Detailed API is available at Arraymancer official documentation. Note: This documentation is only generated for 0.X release. Check the examples folder for the latest devel evolutions.

Features

For now Arraymancer is mostly at the multidimensional array stage, in particular Arraymancer offers the following:

  • Basic math operations generalized to tensors (sin, cos, ...)
  • Matrix algebra primitives: Matrix-Matrix, Matrix-Vector multiplication.
  • Easy and efficient slicing including with ranges and steps.
  • No need to worry about "vectorized" operations.
  • Broadcasting support. Unlike Numpy it is explicit, you just need to use +. instead of +.
  • Plenty of reshaping operations: concat, reshape, split, chunk, permute, transpose.
  • Supports tensors of up to 6 dimensions.
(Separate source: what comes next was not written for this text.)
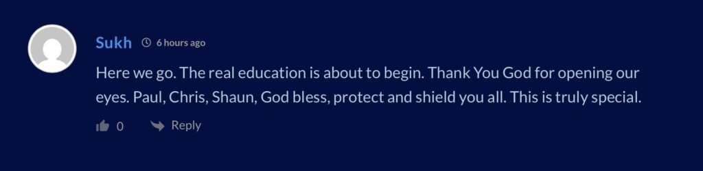 • One commenter describes the work as “the real education” and thanks God for “opening our eyes,” which is strong evidence of spiritual validation being used to cement agreement.[1]
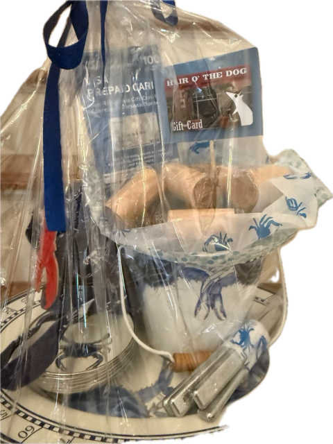This crab feast on a platter was provided by the SSPP Men's Soccer team and contains all the necessary accouterment for a fabulous party. Included is a $100 Visa gift card to be used toward the purchase of crabs from your favorite local crab shack, a classic Golden Rabbit enamelware platter, bucket, and 6 tasting bowls; a crab apron, 4 pewter crab knives, 6 mallets, and a crab claw bottle opener to compliment the $25 gift card to Hair O'The Dog liquor store to select the perfect beverage to match the buyer's personal taste.

For example a stack of 4 3D RGB minifilms of 10 seconds would be 6 dimensions: [4, 10, 3, 64, 1920, 1080] for [nb_movies, time, colors, depth, height, width]
  • Can read and write .csv, Numpy (.npy) and HDF5 files.
  • OpenCL and Cuda backed tensors (not as feature packed as CPU tensors at the moment).
  • Covariance matrices.
  • Eigenvalues and Eigenvectors decomposition.
  • Least squares solver.
  • K-means and PCA (Principal Component Analysis).

Arraymancer as a Deep Learning library

Deep learning features can be explored but are considered unstable while I iron out their final interface.

Reminder: The final interface is still work in progress.

You can also watch the following animated neural network demo which shows live training via nim-plotly.

Fizzbuzz with fully-connected layers (also called Dense, Affine or Linear layers)

Neural network definition extracted from example 4.

const
  NumDigits = 10
  NumHidden = 100

network FizzBuzzNet:
  layers:
    hidden: Linear(NumDigits, NumHidden)
    output: Linear(NumHidden, 4)
  forward x:
    x.hidden.relu.output

let
  ctx = newContext Tensor[float32]
  model = ctx.init(FizzBuzzNet)
  optim = model.optimizer(SGD, 0.05'f32)
# ....
echo answer
# @["1", "2", "fizz", "4", "buzz", "6", "7", "8", "fizz", "10",
#   "11", "12", "13", "14", "15", "16", "17", "fizz", "19", "buzz",
#   "fizz", "22", "23", "24", "buzz", "26", "fizz", "28", "29", "30",
#   "31", "32", "fizz", "34", "buzz", "36", "37", "38", "39", "40",
#   "41", "fizz", "43", "44", "fizzbuzz", "46", "47", "fizz", "49", "50",
#   "fizz", "52","53", "54", "buzz", "56", "fizz", "58", "59", "fizzbuzz",
#   "61", "62", "63", "64", "buzz", "fizz", "67", "68", "fizz", "buzz",
#   "71", "fizz", "73", "74", "75", "76", "77","fizz", "79", "buzz",
#   "fizz", "82", "83", "fizz", "buzz", "86", "fizz", "88", "89", "90",
#   "91", "92", "fizz", "94", "buzz", "fizz", "97", "98", "fizz", "buzz"]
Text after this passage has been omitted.